Niacin is one of five nutrients (together with thiamin, riboflavin, iron and folate) whose addition is mandatory in all enriched flour and flour products. The enrichment is required under the law because flour products, particularly bleached white flour products, lose a lot of essential vitamins and minerals during processing. The standardized flour enrichment dramatically reduces the occurrence of inadequate intake of these five nutrients. Among all Americans older than 2, less than 2 percent get too litle niacin; 2 percent get too little riboflavin; 6 percent get too little thiamin; 7 percent get too little iron; and 11 percent get too little folate.

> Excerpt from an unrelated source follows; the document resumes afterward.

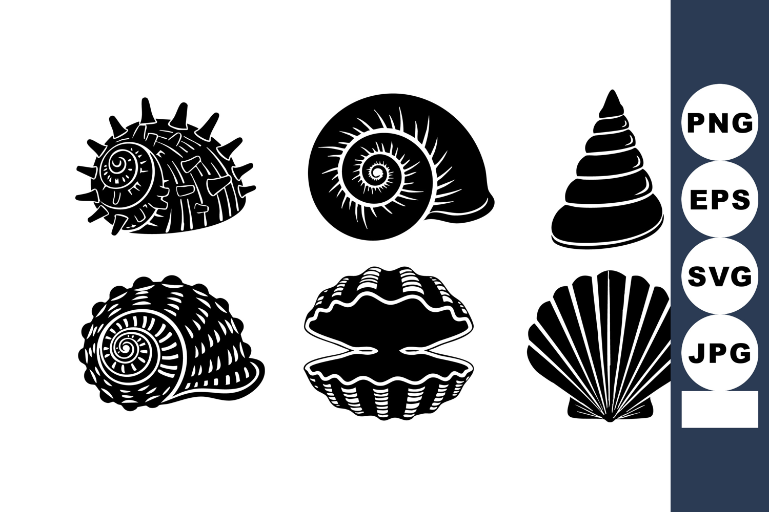 This vector features six black silhouette seashells with spiral and scallop shapes, perfect for marine-themed design and decoration projects. The style is simple and bold, creating a classic mood.

The low occurrence of inadequate intake of the nutrients added to processed grain products testifies to the success of the currently mandated flour enrichment policy (Yamini 2012). However, food manufacturers add much higher amounts to many processed foods than is required by law. EWG identified 20 cereals that add 100 percent of the adult Daily Value for multiple vitamins and minerals in a single serving. Sixty-seven percent of cold cereals and 64 percent of instant hot cereals fortify niacin to 20 percent or more of the adult Daily Value. As a result of this excessive fortification, nearly 5 million children ingest niacin in amounts exceeding the tolerable upper intake levels set by the Institute of Medicine.

Vitamin A

Some Americans get too much Vitamin A while others get too little. On one side, more than half of American adults and American teenagers have low dietary vitamin A intake (Berner 2014; Fulgoni 2011). On the other side, at least 13 percent of children 8 and younger ingest vitamin A in amounts exceeding the tolerable upper intake level set by the Institute of Medicine. Adequate intake of vitamin A is essential for good health, but excessive intake of preformed vitamin A from fortified foods and supplements are dangerous for infants, children, pregnant women and older adults. The difference between the necessary and the toxic amount is smaller for vitamin A than for many other vitamins.

Standardized vitamin-A fortified foods such as milk and butter spreads can be a good vehicle for providing the necessary amounts of vitamin A to people who might lack it in their diet, but great care must be exercised to avoid excessive vitamin A in children. The safest way of getting vitamin A is in the form of provitamin A carotenoids found in bright orange and yellow vegetables, tomatoes and green leafy vegetables (Tanumihardjo 2013). In contrast, eating cereals or snack bars with high levels of preformed vitamin A such as retinyl palmitate or retinyl acetate can easily lead to excessive exposures in young children and pregnant women.